Antaeotricha paracta

Scientific classification
- Domain: Eukaryota
- Kingdom: Animalia
- Phylum: Arthropoda
- Class: Insecta
- Order: Lepidoptera
- Family: Depressariidae
- Genus: Antaeotricha
- Species: A. paracta
- Binomial name: Antaeotricha paracta (Meyrick, 1915)
- Synonyms: Stenoma paracta Meyrick, 1915;

= Antaeotricha paracta =

- Authority: (Meyrick, 1915)
- Synonyms: Stenoma paracta Meyrick, 1915

Species of moth

Antaeotricha paracta is a moth of the family Depressariidae. It is found in Peru and Colombia.

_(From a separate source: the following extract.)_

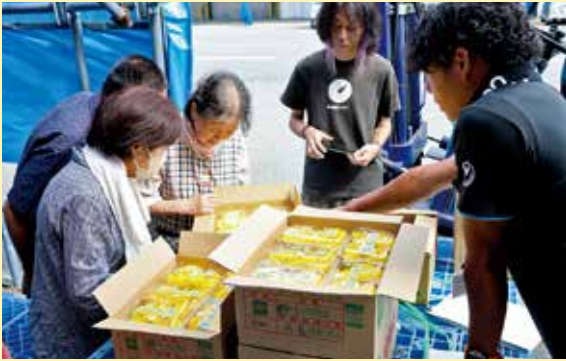
現物を確認する部会員

J A食用菊振興部会は8月19日、川西一次集荷場で食用菊現地出荷規格目ぞろえ会を開きました。 目ぞろえ会では食用菊の現物を手に取り選別基準やパック詰めの方法を中心に確認しました。目ぞろえ会後は、部会員の圃場を巡回し、現在の生育状況と今後の栽培管理について意見を交わしました。 おきたま産の食用菊については前年より6日遅い8月1日から出荷が開始されており、最需要期となる9月の節句に向けて出荷計画を勘案しながら有利販売に努めていきます。

The wingspan is about 26 mm. The forewings are white, with a few scattered fuscous scales and a narrow pale fuscous streak along the basal third of the costa. The dorsal two-fifths is light fuscous, marked with some dark fuscous suffusion on the dorsum towards the base, and two subtriangular slightly inwards-oblique dark fuscous blotches at two-fifths and four-fifths, as well as a cloudy dark fuscous dot above the fold before the apex of the first dorsal blotch, and three forming an oblique series in the middle of the disc with the apex of the second. There is a curved series of six dark fuscous dots from three-fourths of the disc to the tornus, and a dot towards the costa at four-fifths, as well as six blackish marginal dots around the apex and termen. The hindwings are light grey.